Protection of Civilians: From Principle to Practice

Led by Kristin Bergtora Sandvik

Aug 2012 – Oct 2016

The protection of civilians (PoC) became a central concern in the international community in the late 1990s, accompanying an upsurge in humanitarian action and peacekeeping.

The protection of civilians (PoC) became a central concern in the international community in the late 1990s, accompanying an upsurge in humanitarian action and peacekeeping. While considerable efforts have been made by the UN and the humanitarian community to integrate PoC in policies, it is less evident how the principle is operationalized and institutionalized in practices on the ground.

This project aimed to ascertain the role and impact of contemporary policies and practices of PoC by exploring the research question: What is the role and impact of contemporary policies and practices of PoC?

As part of the portfolio of the Norwegian Centre for Humanitarian Studies, the PoC-project has contributed to the development of humanitarianism as a field of study in its own right, internationally and in Norway. The Centre has provided a platform to further critical debate on humanitarian issues and humanitarian policy in Norway, and received a highly positive review in the 2016 HUMPOL evaluation. Over the last three years, the Centre has hosted and co-hosted 77 popular and academic events on humanitarian issues. Together with PRIO, the Centre co-hosts the quarterly Humanitarian Studies Colloquium, which is an academic forum for scholarly discussion of methodological and thematic issues. The Centre has been successful is consolidating collaborations between CMI, NUPI and PRIO, and serves as the hub for NRC research projects on humanitarian issues.

“Policy relevance” has emerged as a major criteria for evaluating the utility and fundability of research. Yet, as researchers we also have a responsibility to think critically about which notion of policy relevance we should go after. As a research collective, we believe that our ambition should be to focus on ethicalforeign policy relevancein research on protection of civilians, here understood as:

  • A way of adding to the library of knowledge underpinning a knowledge based humanitarian policy;
  • A mode of unpacking the type of power and resource distribution that flow from PoC initiatives – or do not flow.
  • A commitment to push back on PoC policies that purport to be humanitarian but are not about protecting vulnerable civilians.
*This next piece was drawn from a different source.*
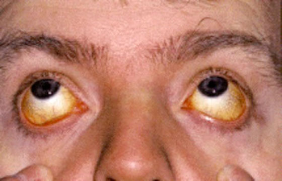 اللون الأصفر: وفقاً للمكتبة الوطنية الأميركية للطب، يمكن أن يتحول لون بشرتك وبياض عينيك إلى اللون الأصفر عندما لا يعمل الكبد بشكل صحيح، وذلك بسبب تراكم مادة صفراء في الدم تسمى البيليروبين. وتضيف الخدمة الصحية الوطنية في المملكة المتحدة أن أعراض الاصفرار -تُسمى اليرقان- يمكن أن تحدث عندما يمنعها تلف الكبد من معالجة هذا البيليروبين. من الأسباب الشائعة لهذا النوع من تلف الكبد، السرطان وشرب الكثير من الكحول والمخدرات، والتعرض للمواد السامة والعدوى المختلفة.

The enormous humanitarian suffering resulting from the failed engagements with Syria and Libya and the continuing fallout for international politics has been the key backdrop of this project. In response, the project has studied protection of civilians as a form of global governance, where political actors are produced as protection actors. This includes both the Veto Powers of the Security Council as well as countries considered emerging humanitarian donors such as Turkey and Brazil. The project has reflected on how humanitarian aid and protection discourses are used as foreign policy while simultaneously re-shaping the humanitarian field.

The Secretary Generals 2016 Agenda for Humanity calls for a concerted global effort to prevent the erosion of international humanitarian and human rights law, and uncompromisingly pursue the protection of civilians. The project has responded to this call by illuminating the complex social and political web which even progressive legal institution building and law reform to protect civilians find themselves in. Here, attention was given to ICC‘s indictment of president al-Bashir and the consequences for activism on reproductive rights and rape law in the Sudan. At the same time, the project has looked at the importance of tailoring PoC to state capacity and existing human rights protection mechanisms. Specifically, the project has focused on how the Kankuamo indigenous people in Colombia used the Inter-American human rights system for protection and as part of their self-protection efforts.

The project has also begun to develop theories of violence to make sense of deliberate violence against civilians in very different situations of airpower used by state-actors possessing highly sophisticated military technology in Afghanistan, and irregular armies in the context of the Sudanese civil war. Our research on South Sudan suggests there must be a focus on the long-term development of local and regional military practices. Moreover that philosophies of war are of major importance in our understanding of why civilians are not adequately protected, and why they are often targets or legitimate collateral, in particular settings. The US military in Afghanistan did change procedures to reduce unintended civilian casualties from airstrikes.

Through a study of Northern Uganda, the project has laid the groundwork for revisiting the humanitarian-development nexus: at a time of “unprecedented crisis”, when and how to draw the line for what constitutes a humanitarian crisis, and how humanitarian actors relate and respond to changes in their operational environment is of key importance.

Studying return programming for Somali refugees, the project has examined how humanitarian aid provision and withdrawal are instruments for preventing displacement or encouraging return. Humanitarian aid to refugees and internally displaced is commonly understood as a temporary activity that ends when people will return home. Hence, the project finds that there is a risk that humanitarian aid – due both to its sedentary bias and practical (funding) realities – becomes implicated in government attempts to govern mobility.

Taken together, these findings yield a rich starting point for further research on the protection of civilians, a topic which has not lost any of its normative and ethical importance.